Only about 27% of monthly New Buffer subscriptions make it to the 12 month mark. Unsurprisingly, the first month is the one in which churn is most likely. About 10% of subscriptions cancel before paying a second invoice, and another 13% drop off before month 2. By month 3, we’ve already lost nearly half of all new subscriptions.

However, if a subscription survives to month 3, its chances of reaching 12 months jump up to 47%, and making it to month 4 makes it more likely than not that the subscription will make it to 12 months.

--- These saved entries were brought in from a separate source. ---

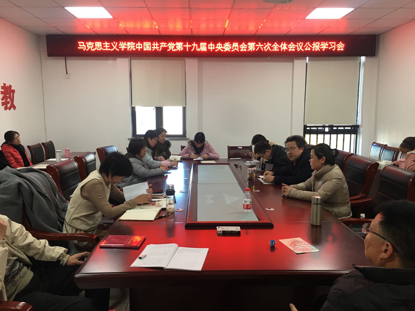 11月25日下午,必赢线路检测3003no1在该院会议室召开《中国共产党第十九届中央委员会第六次全体会议公报》(以下简称《公报》)学习会。全体教师参加会议。会议由该院党总支副书记刘春安主持。
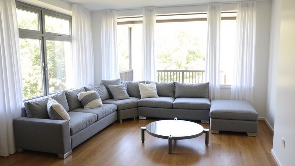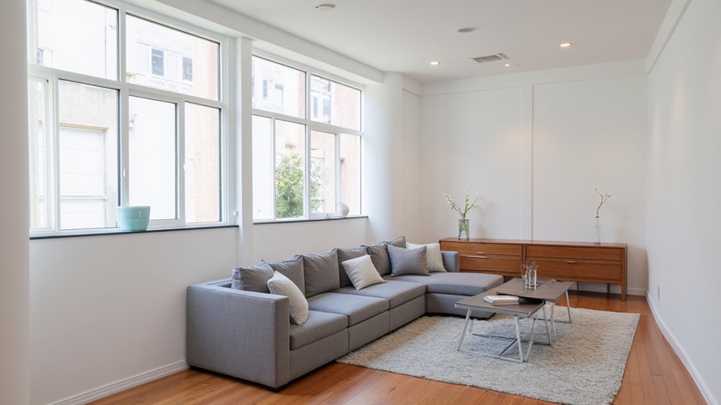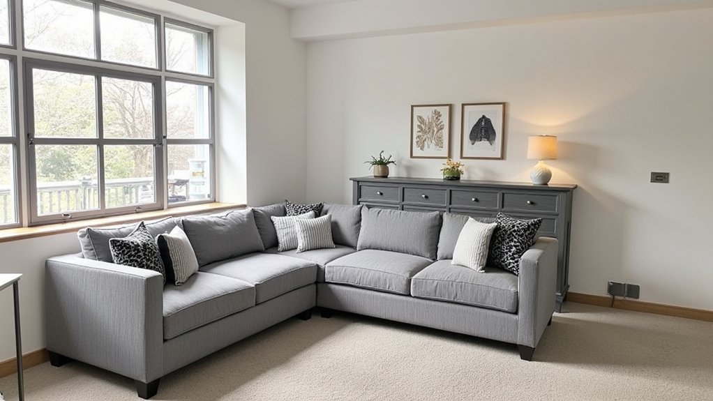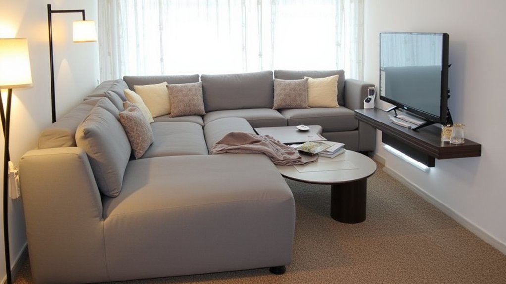 According to interior design experts, 68% of homeowners struggle with furniture placement in small living rooms, particularly when it comes to sectionals. You’ll want to maximize every inch of your compact space while maintaining an inviting flow and functionality. From measuring walls properly to creating strategic L-shapes near windows, there’s a science to positioning these larger pieces effectively. Let’s explore proven techniques that’ll help you transform your cozy living area into a well-arranged haven.
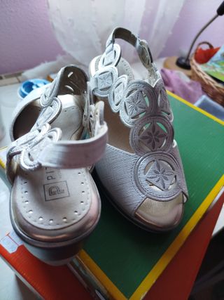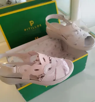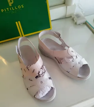 Sandalias de la marca Pitillos, un calzado cómodo y elegante. ( Costaron 57€, cómo marca su caja). - Diseño abierto con tiras. - Combinación de piel en tonos rosa y blanco. - Cierre de velcro ajustable.
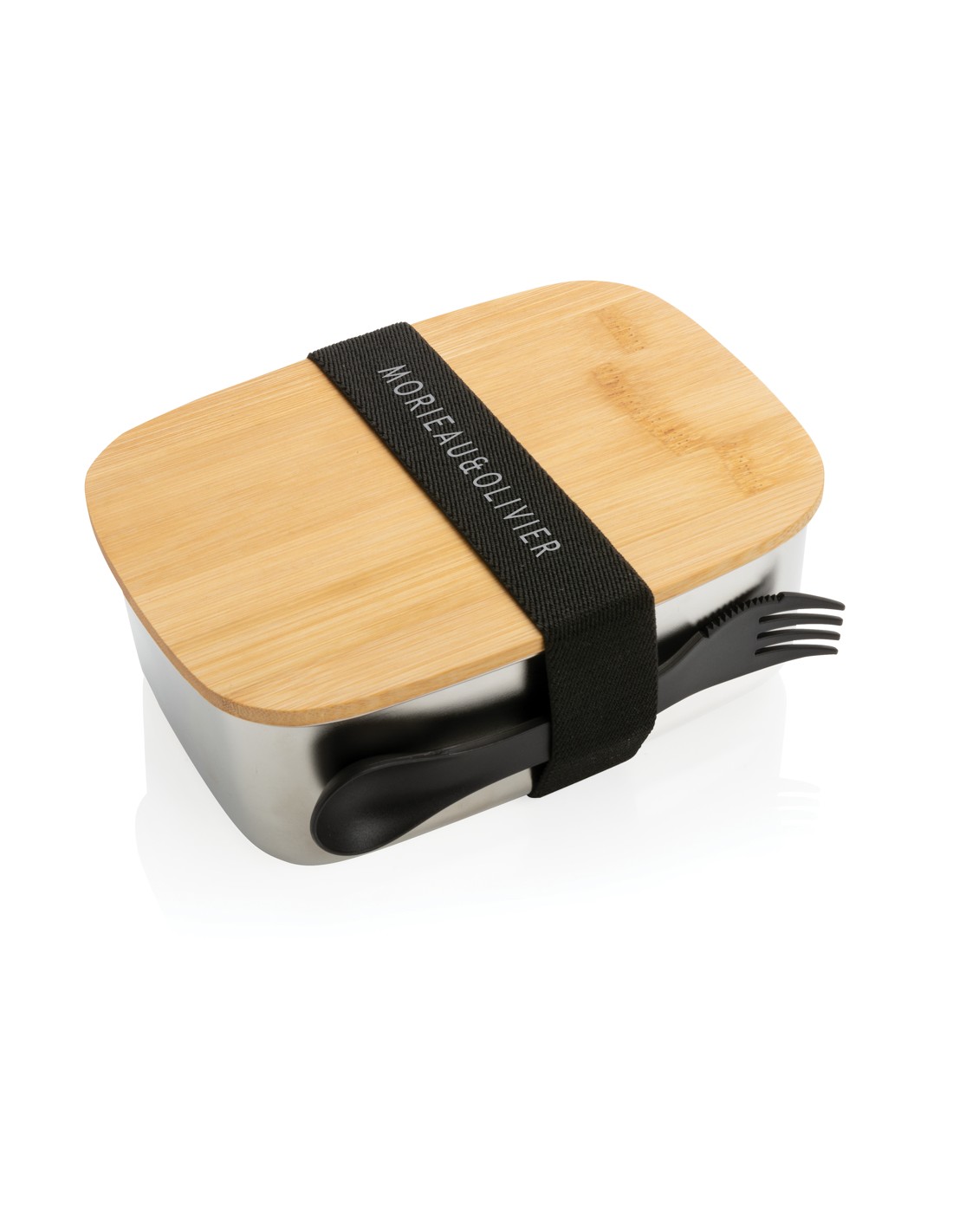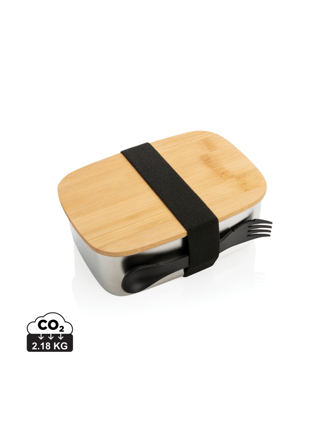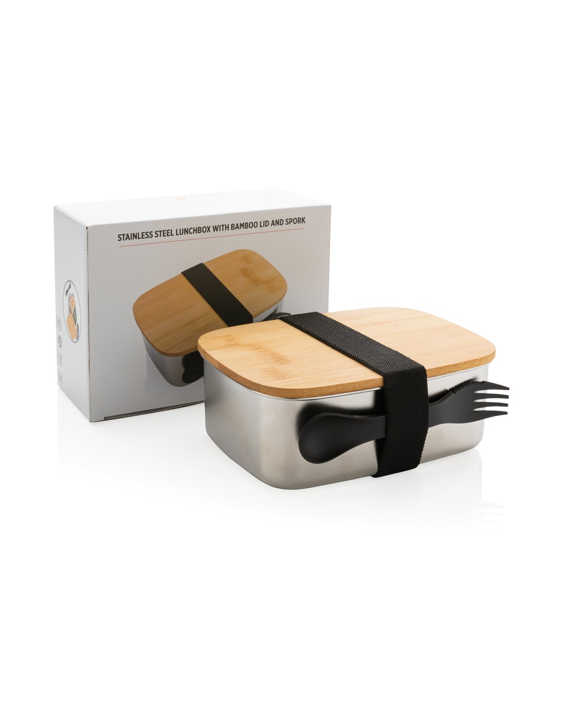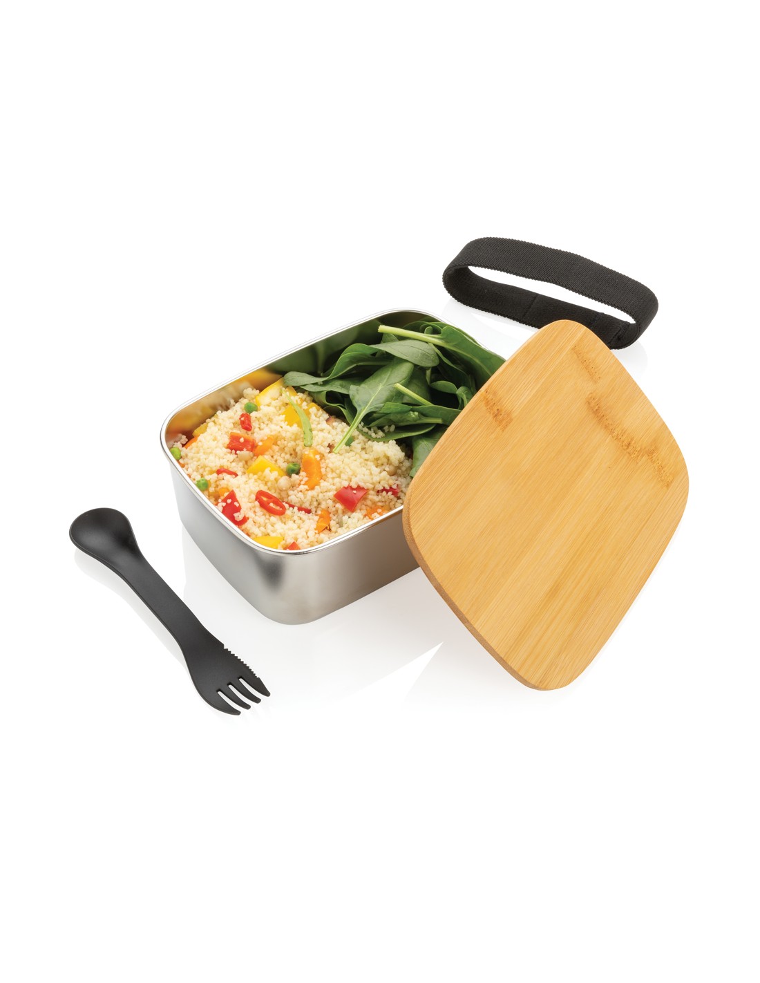 Rustfrit stål madkasse med bambuslåg og "spork"
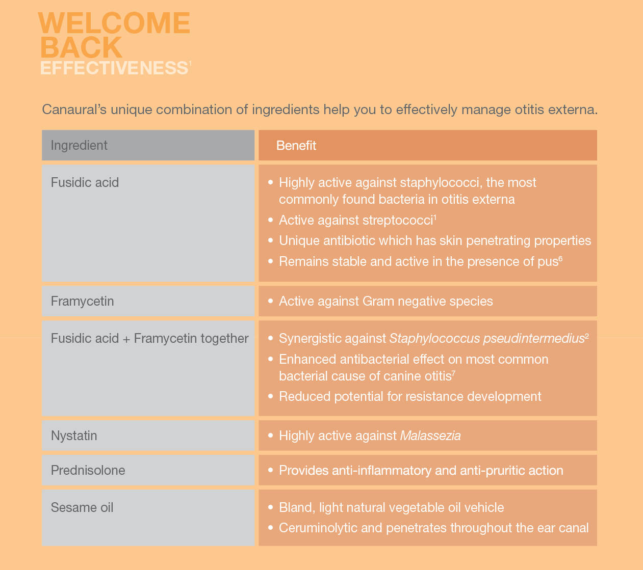 Active ingredient: Canaural is an oily suspension of the active ingredients diethanolamine fusidate, framycetin sulphate, nystatin, prednisolone, sesame oil.
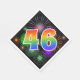 This exciting, fun, and vibrant paper napkin design features a colorful celebratory fireworks inspired pattern, along with the number "46" featuring a multicolored rainbow inspired gradient pattern, on a black colored background. Paper napkins like these could be fun to use at a party being held to honor somebody’s forty sixth birthday, or perhaps a couple’s forty sixth wedding anniversary, or some other 46th event. [~Z0000340]
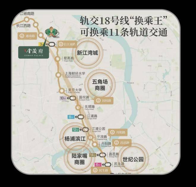 一方面是18号线“含金量”很高,3站财大,4站复旦,并经过杨浦滨江、陆家嘴等CBD,是科创、教育、金融产业高度集中的一条轨交线,而且18号线二期今年底即通车——在江湾金茂府交房前就能通车,大大缩减“需要等”的时间。
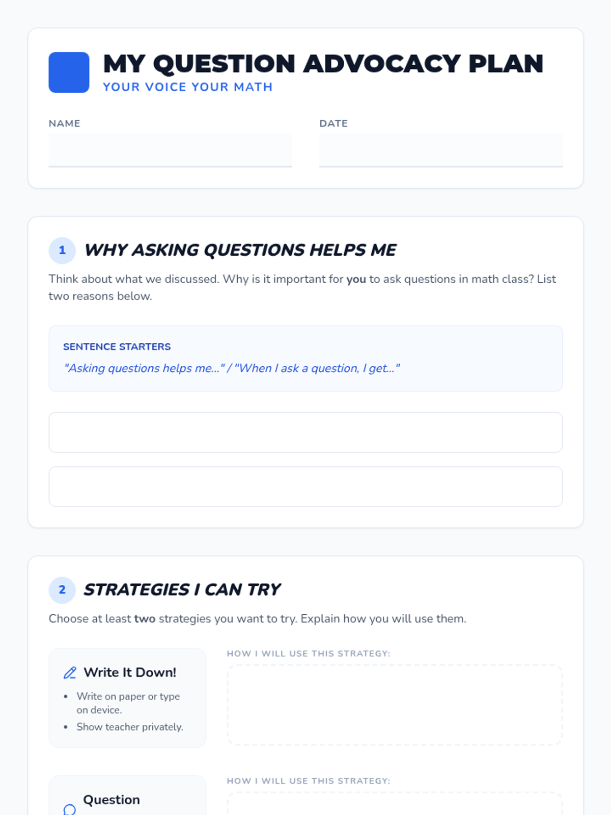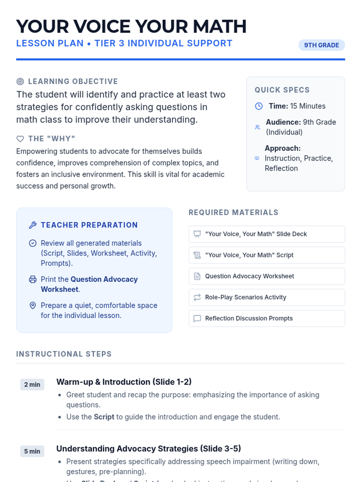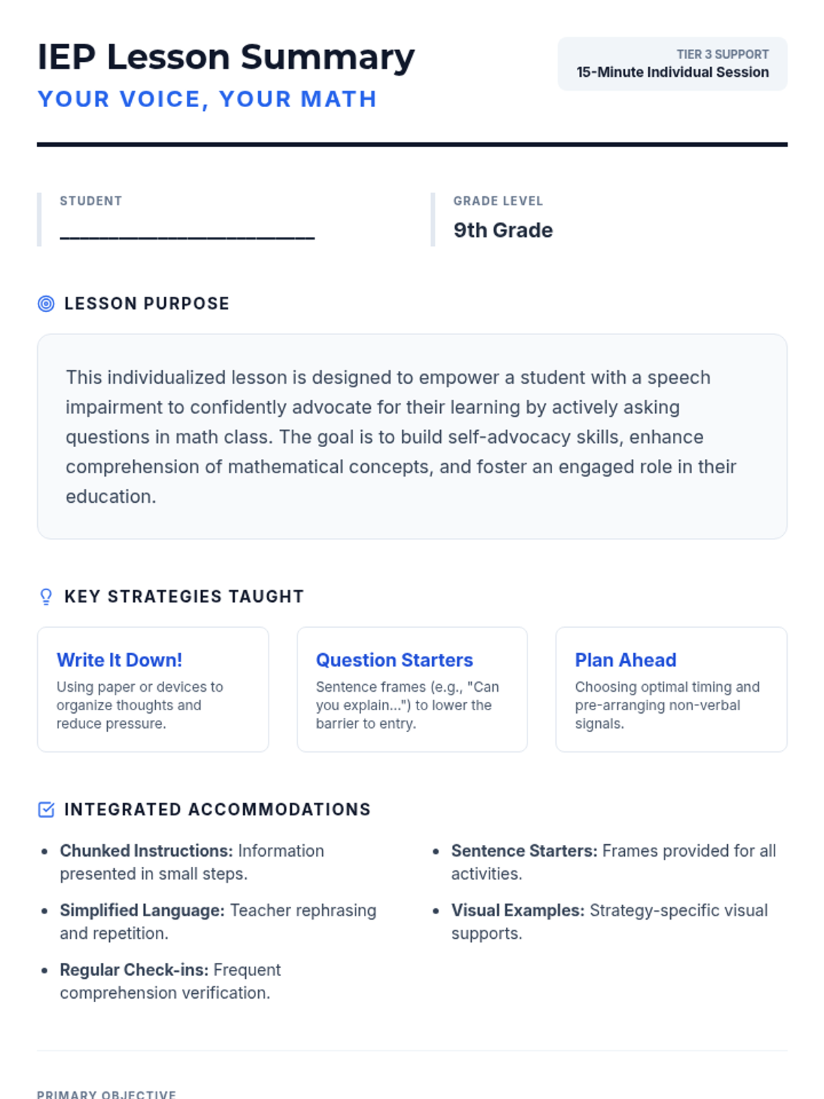 A 15-minute, Tier 3 individual lesson for a 9th-grade student to develop strategies and confidence for asking questions in math class, overcoming communication barriers through self-advocacy.
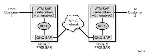 A second example of triple-tag behavior is shown in Figure 25, where customers are connected using ATM SAPs with subscriber-vlan enabled.
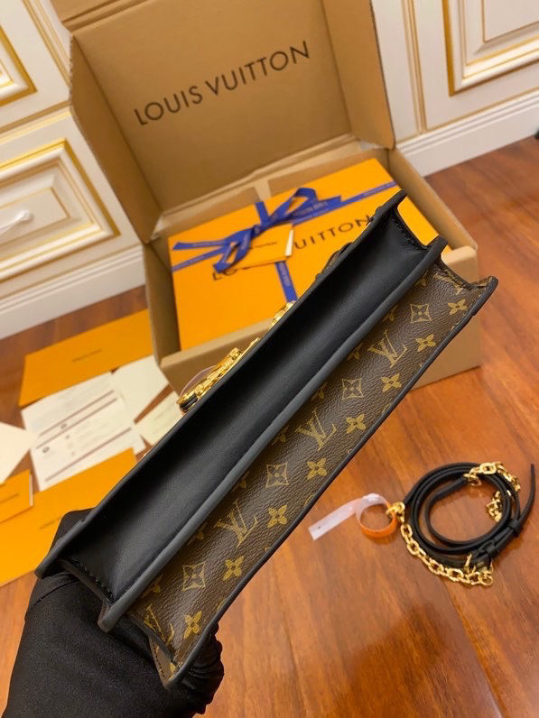 頂級原單 POCHETTE TRUNK M43596 升級版回貨升級鋼鎖新出的軟盒子 尺寸比之前出的硬箱子大一點 配的細肩帶部分是鏈條 可以拆卸下來 可搭配其它款式肩帶 上身效果非常好看 經典老花搭配黃花 全鋼五金 尺寸 20x12x5.5cm
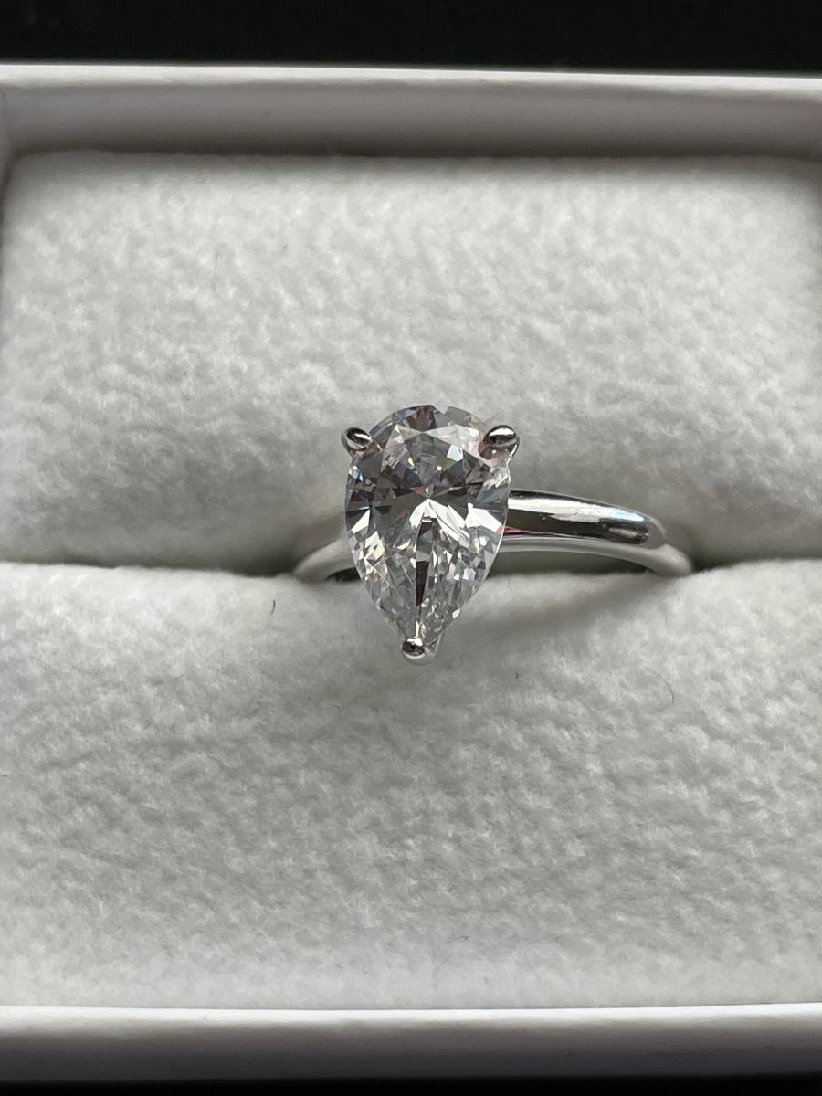 STERLING SILVER PEAR SHAPE SOLITAIRE RING

This supports what we already know, that early engagement is critical. The subscriptions most at risk are the newest ones, and the risk decreases substantially with each passing month.

Data Collection

We’ll pull monthly Essentials subscriptions from the past 5 years that have paid at least one invoice. For each subscription, we calculate the tenure in months and whether the subscription has been canceled or not.

Code

sql <- "
  select
    id as subscription_id
    , customer_id
    , plan_id
    , created_at
    , canceled_at
    , status
    , paid_invoice_count
    , date_diff(
        date(coalesce(canceled_at, current_timestamp())),
        date(created_at),
        month
      ) as tenure_months
    , case
        when canceled_at is not null then 1
        else 0
      end as is_canceled
  from dbt_buffer.stripe_subscriptions
  where paid_invoice_count >= 1
    and lower(plan_name) like '%essentials%'
    and plan_interval = 'month'
    and created_at >= timestamp_sub(current_timestamp(), interval 5 year)
"

subscriptions <- bq_query(sql = sql)

Data Preparation

We need to prepare the data for survival analysis. The key variables we need are the following:

time: The duration in months until the churn event or censoring (if still active)
status: Whether the subscription has been canceled (1 = canceled, 0 = still active/censored)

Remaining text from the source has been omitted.